◆ Provided data:
= = = =
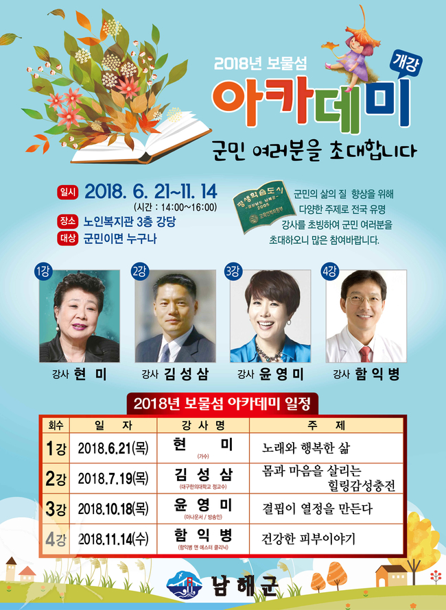 남해군은 오는 21일 오후 2시 노인복지관 3층 강당에서 가수이자 명문에듀케이션 대표강사로 활동하고 있는 현미 씨를 초청해 2018년 보물섬 아카데미 제1강을 개최한다.
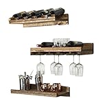 Multifunctional you can use this wall ledge to store bottles or you can display your favorite family pictures on top and glasses in bottom Make a statement by storing up to 3 wine bottles and 4 wine glasses depending on the size Comes in the perfect size with a 17 inches length 4 inches width and a 15 inches height this amazing farmhouse chic bar storage creates a beautiful home decor on any wall space with ease
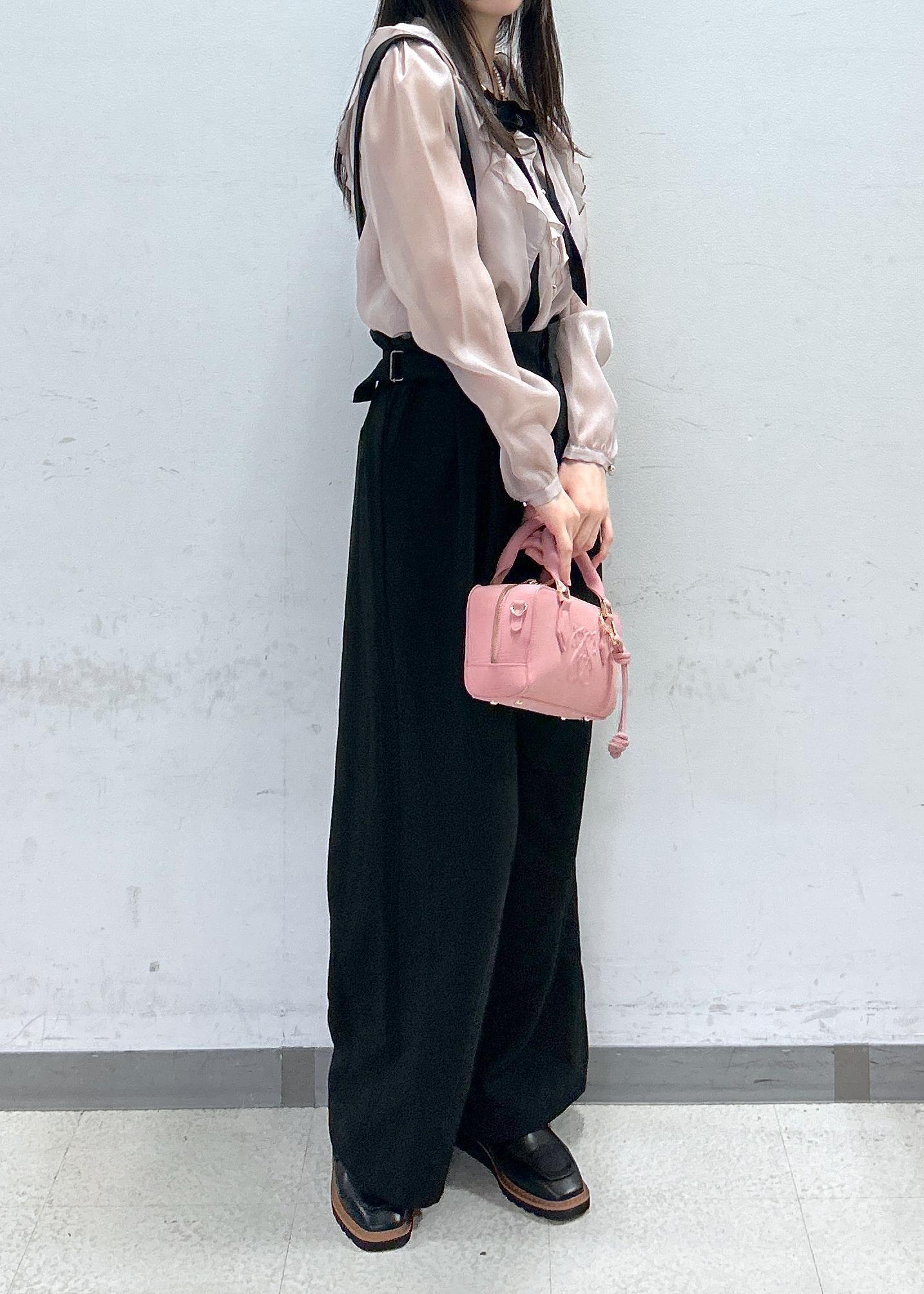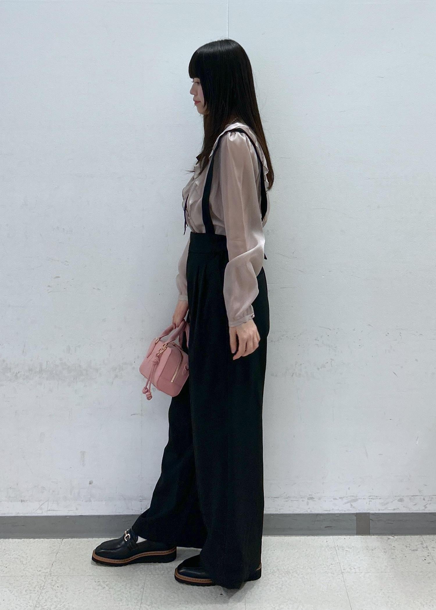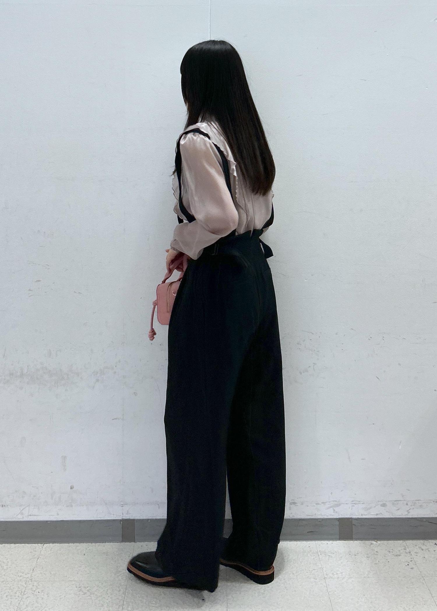VISサスペンダー付き2WAYワイドパンツブラック / M¥4,612レビュー取り外し可能のサスペンダー付きで、長さはボタンで2段階に調節できます。サスペンダーを1番短くした状態でパンツの丈は、身長166センチでくるぶしがしっかり隠れるくらいの丈でした。少し厚みがあり、重厚感のある生地感なので秋冬にピッタリです。
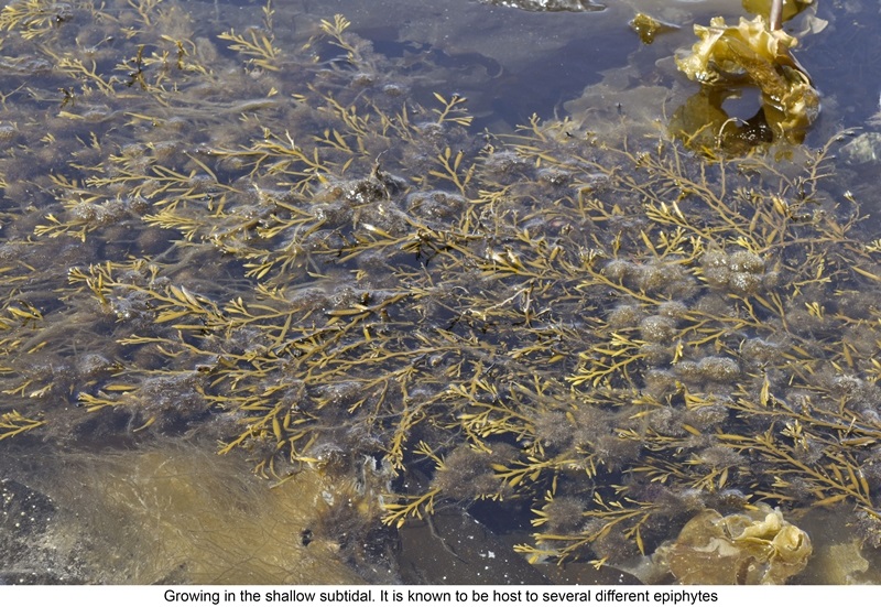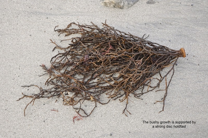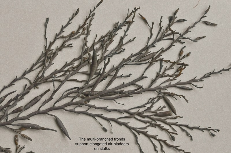 A fairly common seaweed of the middle to lower shore. A tough plant, up to a metre in length, with a flattened main stem and alternate branches. The tips bear elongated air-bladders which are septate
= = = =
◆ Problem to work on: Please retype the whole listing above exactly, without any of its images.

◆ Solution to this problem:
 남해군은 오는 21일 오후 2시 노인복지관 3층 강당에서 가수이자 명문에듀케이션 대표강사로 활동하고 있는 현미 씨를 초청해 2018년 보물섬 아카데미 제1강을 개최한다.
 Multifunctional you can use this wall ledge to store bottles or you can display your favorite family pictures on top and glasses in bottom Make a statement by storing up to 3 wine bottles and 4 wine glasses depending on the size Comes in the perfect size with a 17 inches length 4 inches width and a 15 inches height this amazing farmhouse chic bar storage creates a beautiful home decor on any wall space with ease
VISサスペンダー付き2WAYワイドパンツブラック / M¥4,612レビュー取り外し可能のサスペンダー付きで、長さはボタンで2段階に調節できます。サスペンダーを1番短くした状態でパンツの丈は、身長166センチでくるぶしがしっかり隠れるくらいの丈でした。少し厚みがあり、重厚感のある生地感なので秋冬にピッタリです。
 A fairly common seaweed of the middle to lower shore. A tough plant, up to a metre in length, with a flattened main stem and alternate branches. The tips bear elongated air-bladders which are septate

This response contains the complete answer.